DATA BELOW:

++++

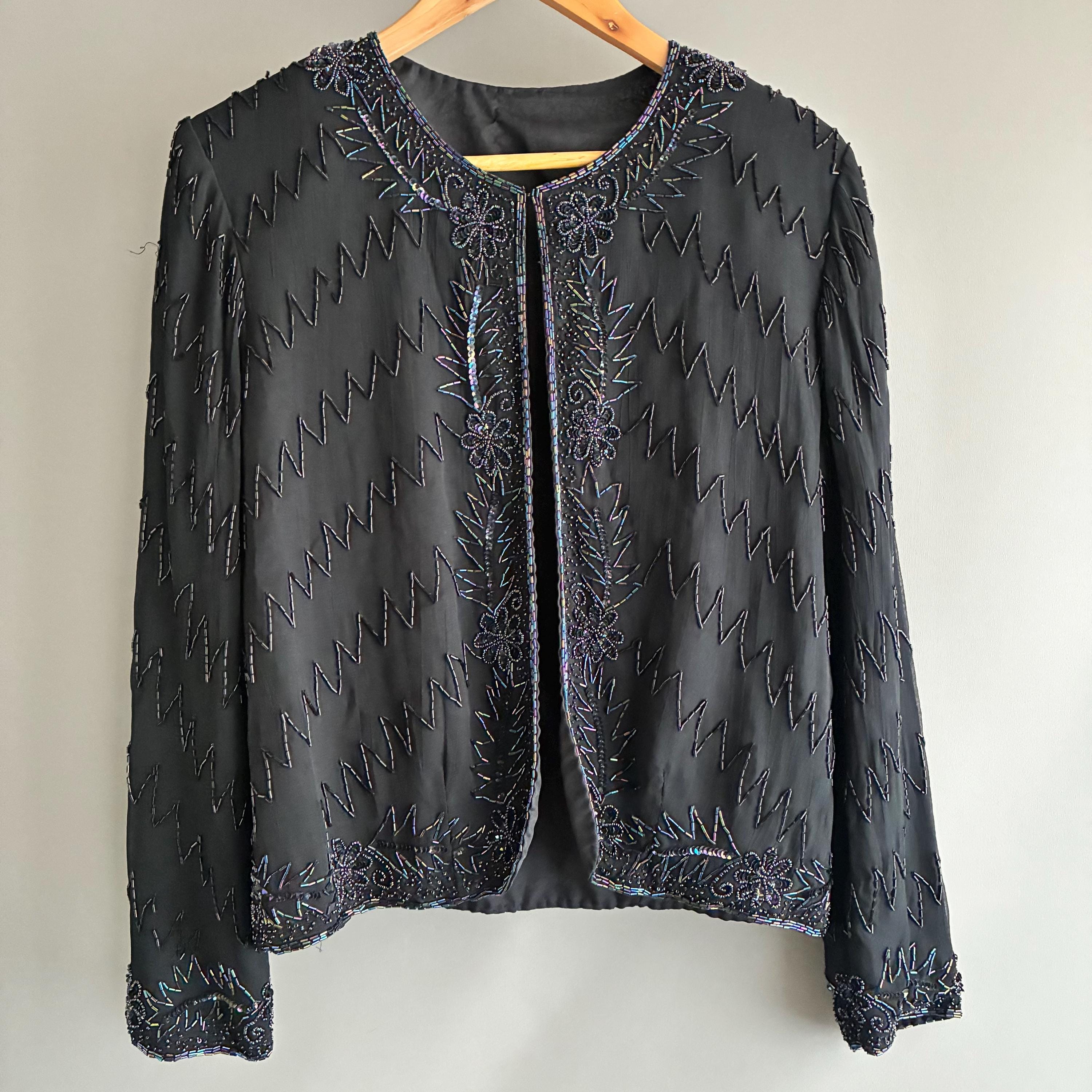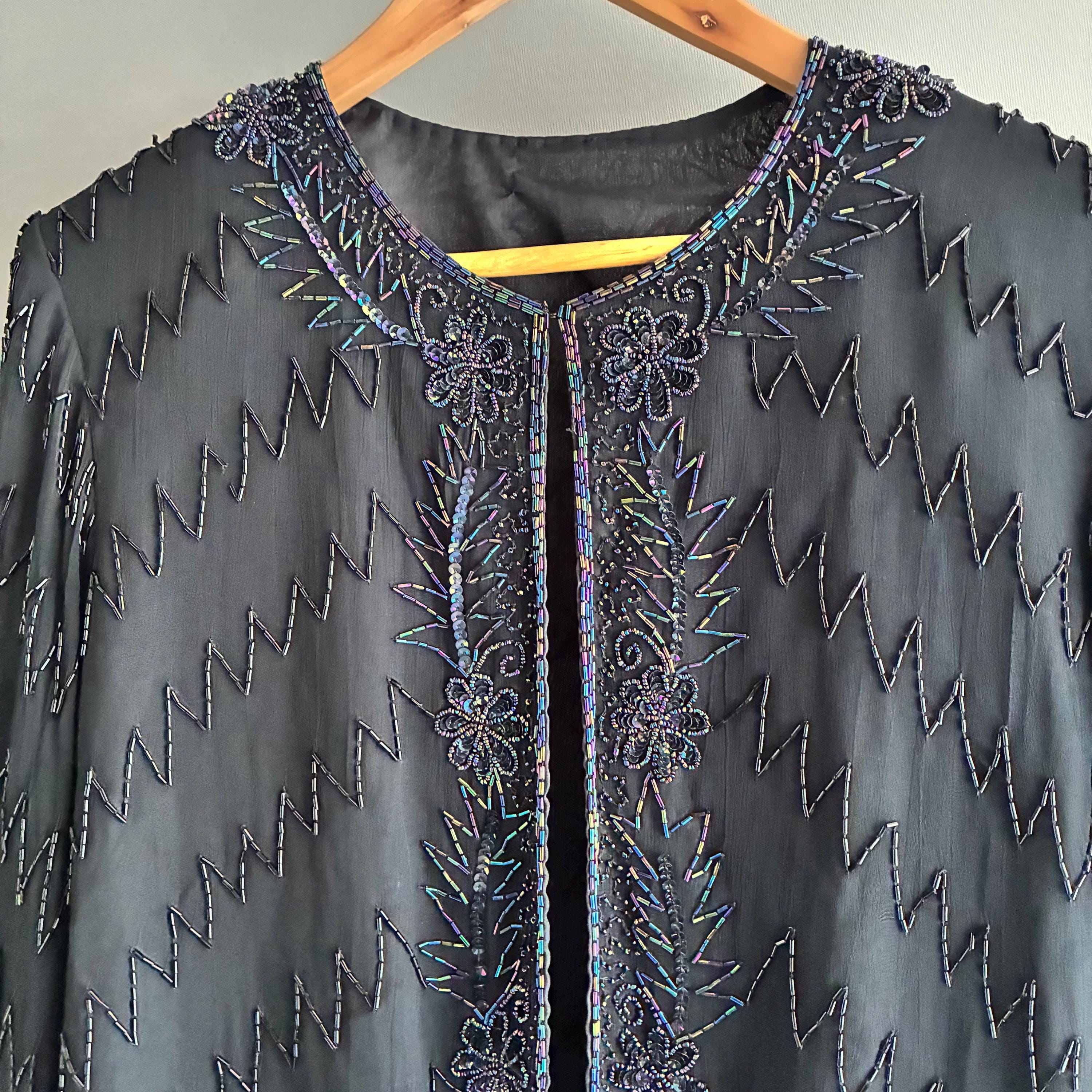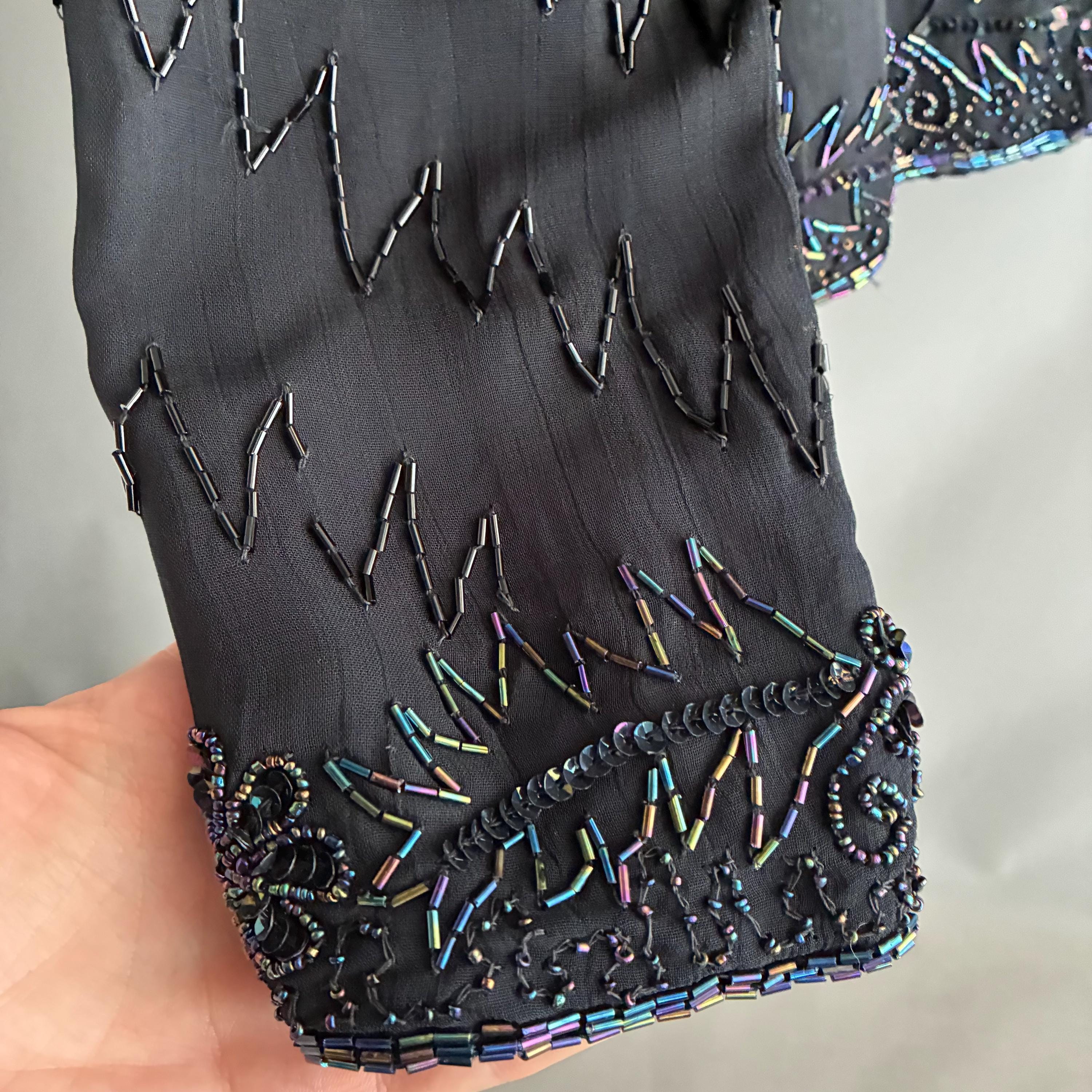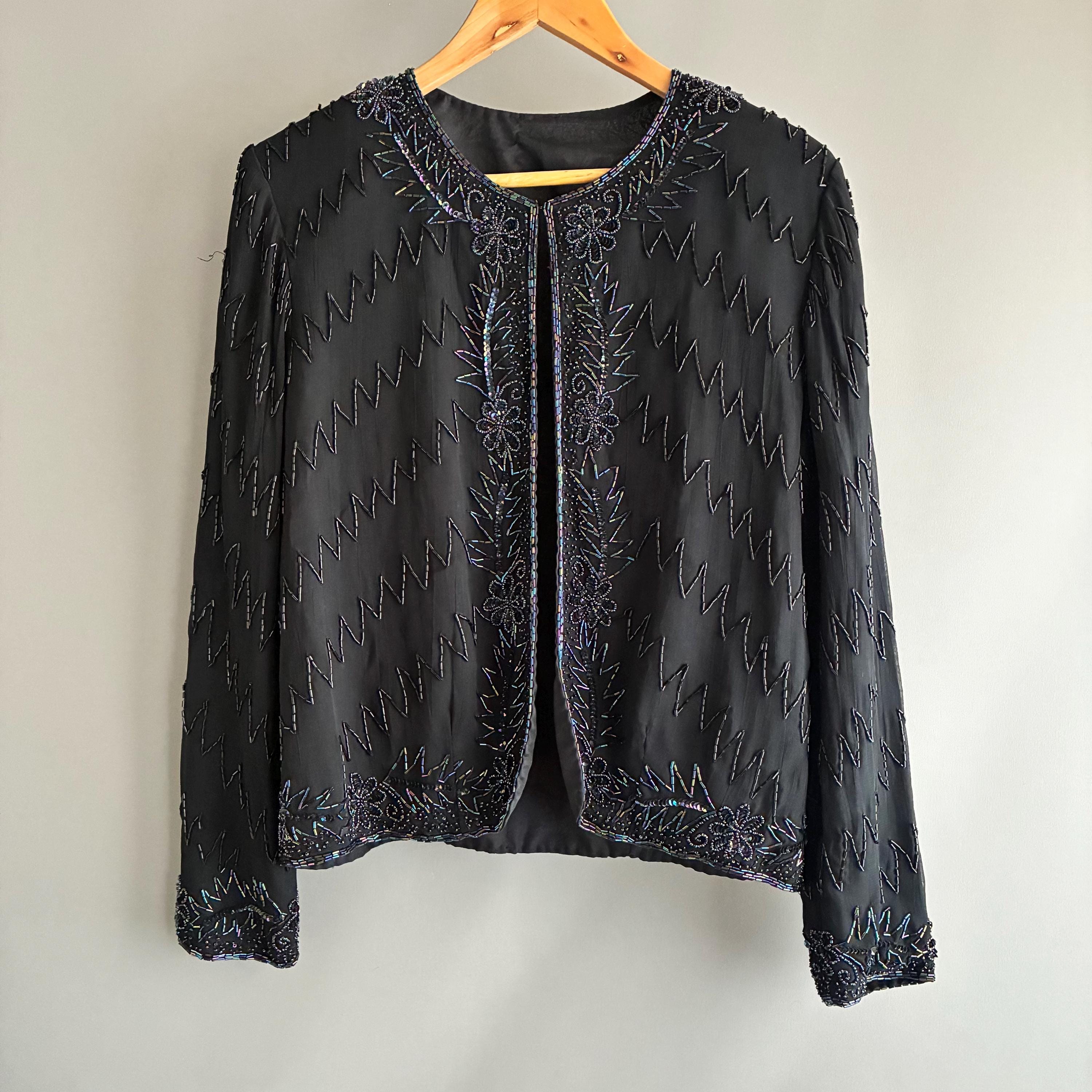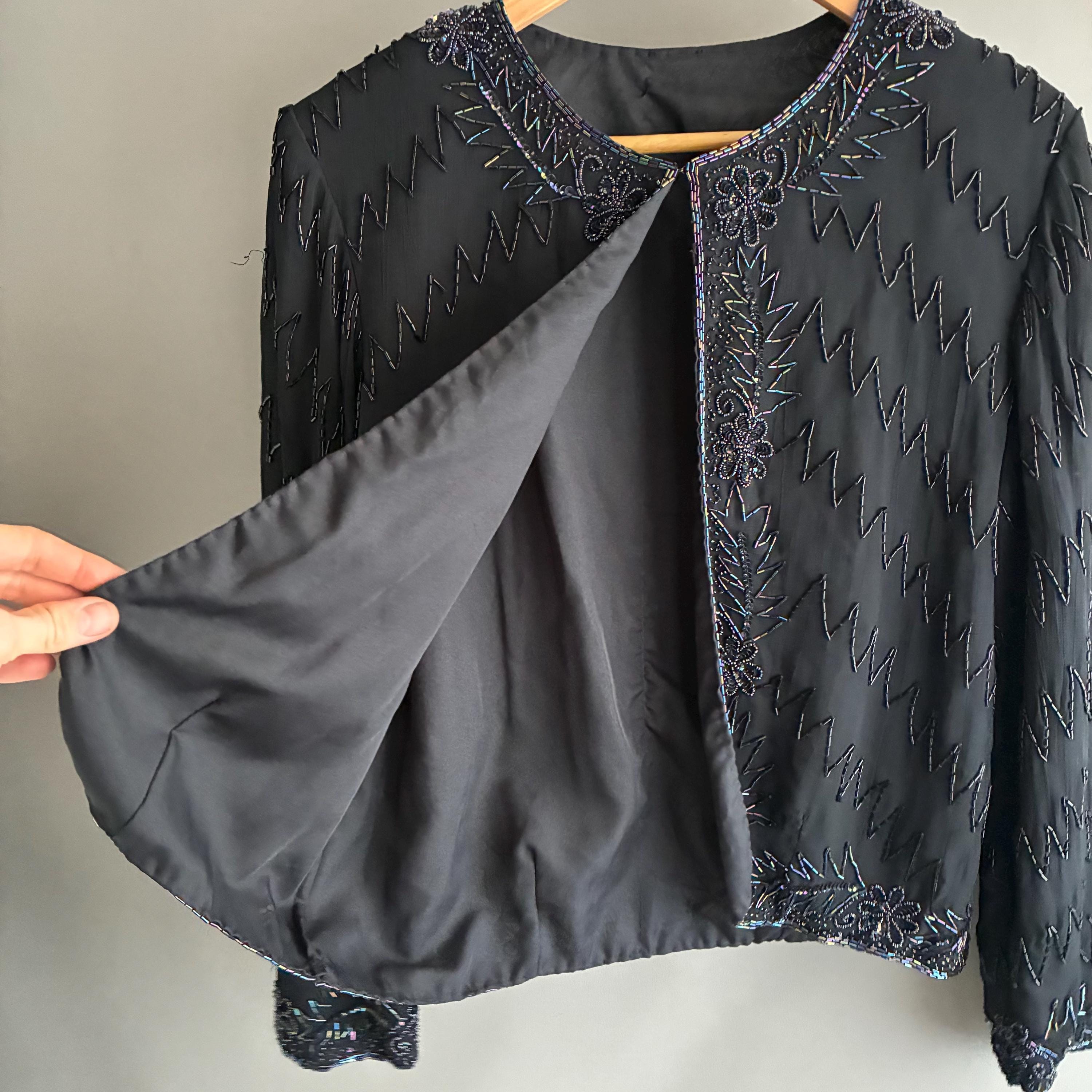 Beautiful glass bead embelished silk evening jacket. Fully lined with 1 hook closure at the crew neck collar. Small shoulderpads for structure. The glass beads have an iridescent sheen ( see pictures) this will fit UK size 12 . In exellent vintage condition . This snazzy little jacket will glam up anything its thrown over
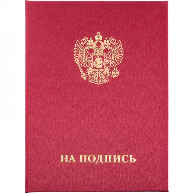Адресная папка формата А4. Выполнена из переплетного материала танго бордового цвета (слой ПВХ на бумажной основе). Внутренние вклейки — из балакрона (ПВХ с имитацией кожи). На обложке надпись «На подпись» и орнамент (тиснение золотой фольгой). Внутри фиксирующий ремешок. Ручная сборка. На данный товар можно нанести логотип. Папка адресная — прекрасный атрибут для официальных и праздничных мероприятий.
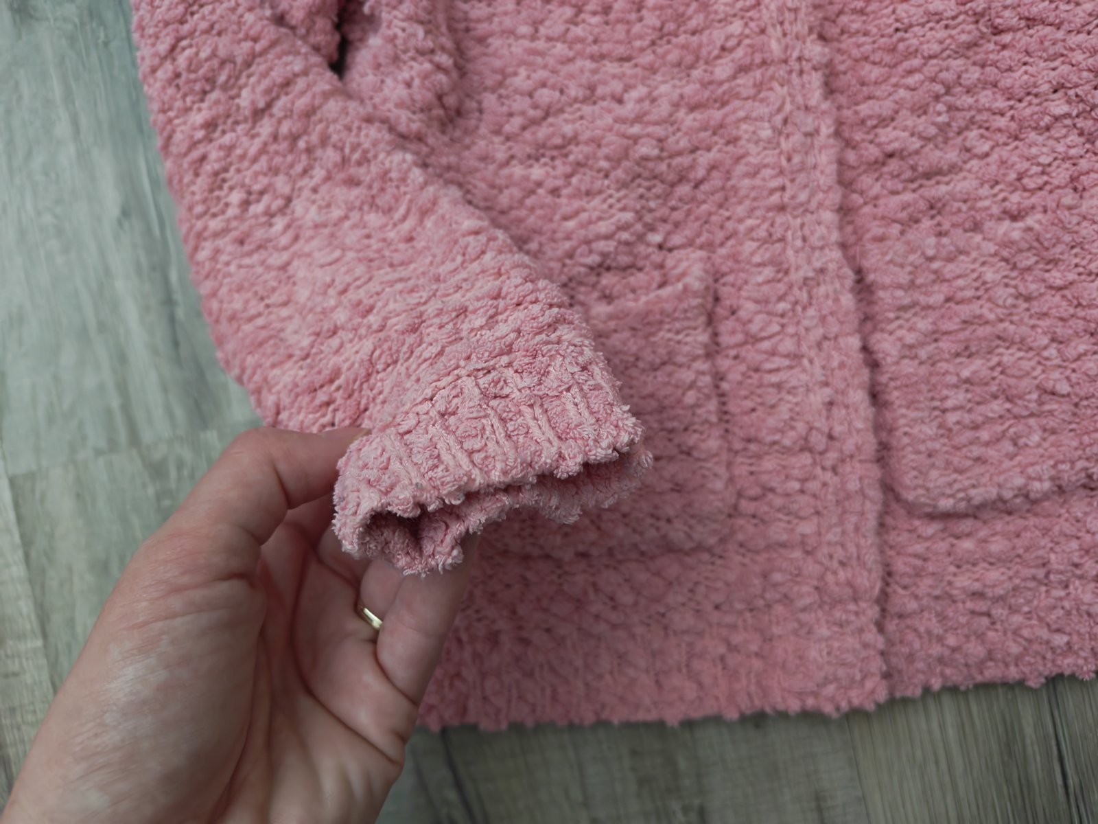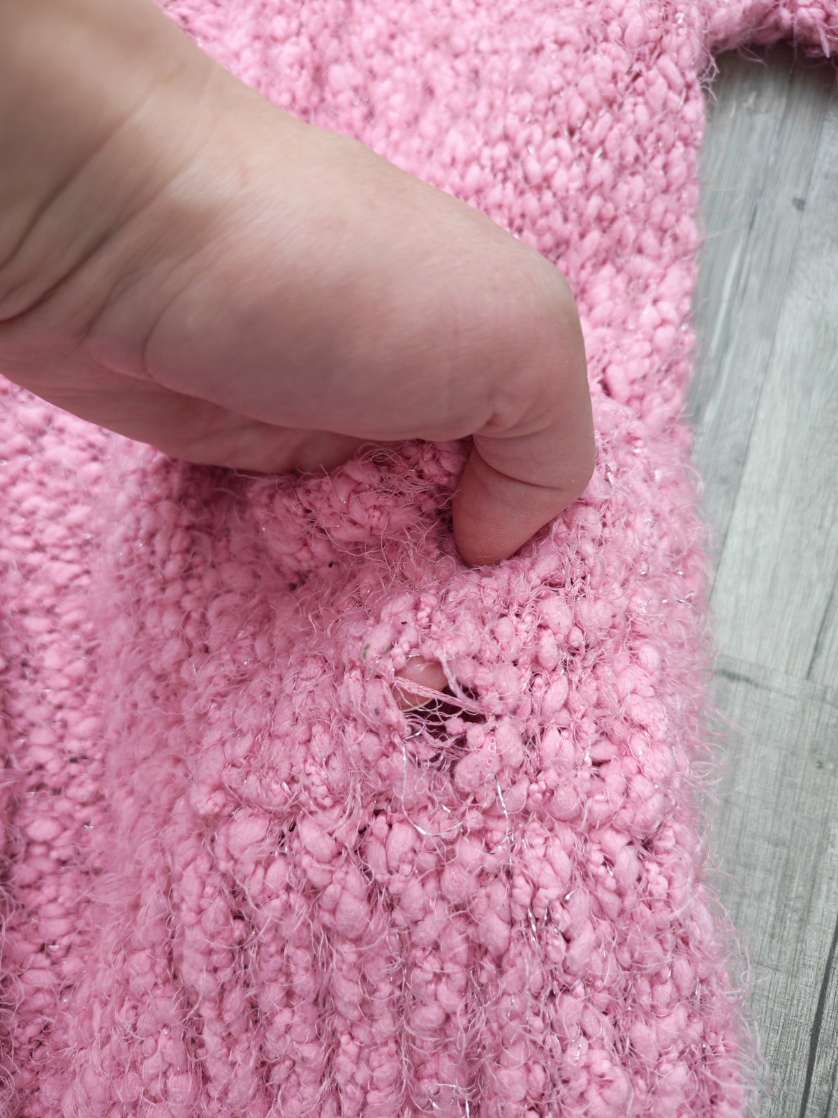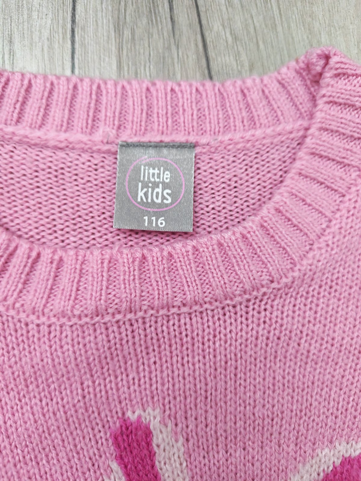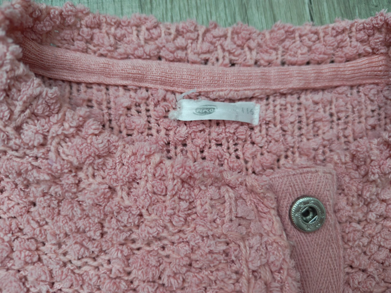 Ružový svetrík na gombíky už iba grátis bol často noseny,takže už to vidno. Horný gombík sa neda zapnúť. Veľ.116 zn.pepco

++++

EXERCISE GOAL: The copy should match each line above exactly and contain no images.

FINISHED EXERCISE:
 Beautiful glass bead embelished silk evening jacket. Fully lined with 1 hook closure at the crew neck collar. Small shoulderpads for structure. The glass beads have an iridescent sheen ( see pictures) this will fit UK size 12 . In exellent vintage condition . This snazzy little jacket will glam up anything its thrown over
Адресная папка формата А4. Выполнена из переплетного материала танго бордового цвета (слой ПВХ на бумажной основе). Внутренние вклейки — из балакрона (ПВХ с имитацией кожи). На обложке надпись «На подпись» и орнамент (тиснение золотой фольгой). Внутри фиксирующий ремешок. Ручная сборка. На данный товар можно нанести логотип. Папка адресная — прекрасный атрибут для официальных и праздничных мероприятий.
 Ružový svetrík na gombíky už iba grátis bol často noseny,takže už to vidno. Horný gombík sa neda zapnúť. Veľ.116 zn.pepco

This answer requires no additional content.